Ensembles are generally thought of as a group of weak predictors that are put together to form a strong predictor. Another way to think is that we are combining strong domain specific performers that complement each other in order to form a strong multi-domain performer.
What are some common multi-domain situations? A big one that is very obvious is multilingual audio. Each language is a domain due to be targeted. The Conversational AI world has a lot of great multi domain examples. Each topic can be thought of as a domain inside of a conversational flow. Ordering solutions are a great example. You've got the products, the lingo of the company, versus the delivery instructions and the payment instructions.
How do you combine them? When you do an end to end transcription? ASR models generally know when they're out of their comfort zone. Every single stack is slightly different, but generally you can get a confidence score and the transcription as you're going along. And that confidence score drops dramatically when it's out of its comfort zone, especially two models that are trained using very similar technology. They're directly comparable without a lot of tough tricks to figure it out.

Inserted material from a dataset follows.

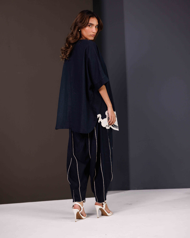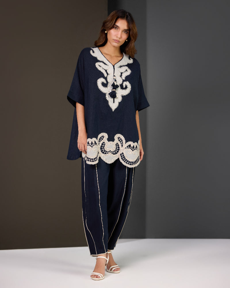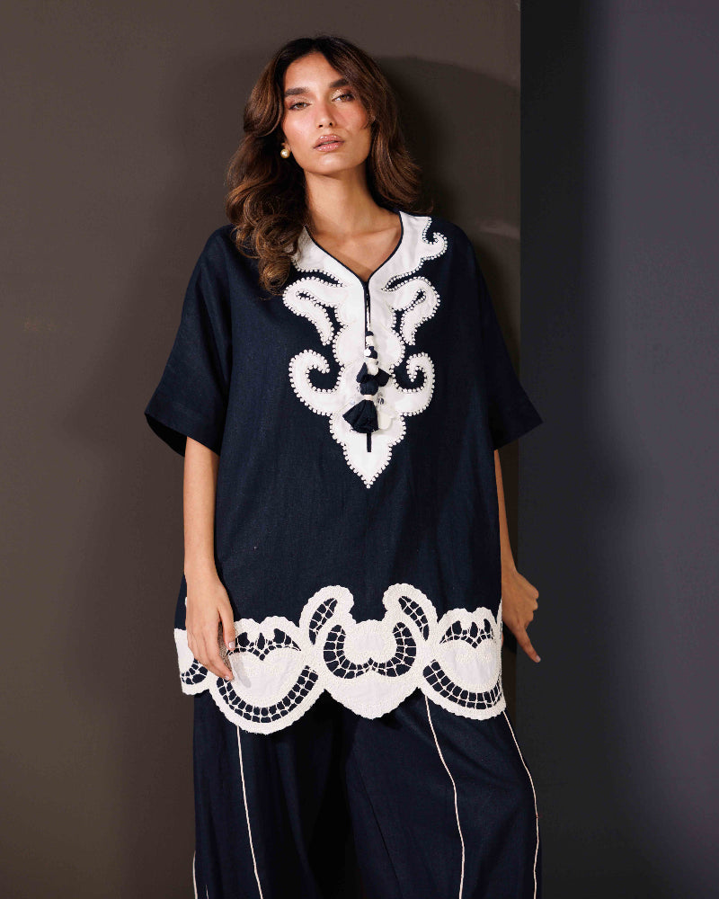 Made from premium Irish fabric, the top features detailed cutwork embroidery in floral and geometric patterns—elevating texture and visual intrigue. The neckline is finished with handmade tassels, adding a hint of playful charm to its refined look.

Watch a 1-minute clip from Susan below:
What does an example look like? In this case, we've got three different strong domain predictors. We have highly targeted number domain prediction, and address domain and also an order domain for a fictitious ordering. So the user may be saying something like, "I would like fries and the chocolate shake. Please deliver to twenty five Gold Lake Road, Smallville". The general order predictor has a bit of general vocabulary in it, so it's going to pick up.
First of all, it's going to pick up the order correctly and it may know things like 'deliver it to' because that's more general. But it didn't really get anything about the numbers. It didn't get anything about the actual address. It kind of guessed address with Lake Road and Smallville, but it did so weekly because it's not confident at this point. The number of domain predictor was really strong on the twenty five, but it's weak on the two before it because it wasn't sure if that was a number or not. But being a strong number predictor, it weekly predicted that as opposed to strongly predicted that.
What should we take home from this?
Domain specific custom models regularly perform ∼10% better than general models with very little additional data.
Combining multiple domains allows even higher aims but with additional transcription costs. In use cases like multilingual audio, gains can be much higher which enables ASR to tackle tasks that weren't previously viable.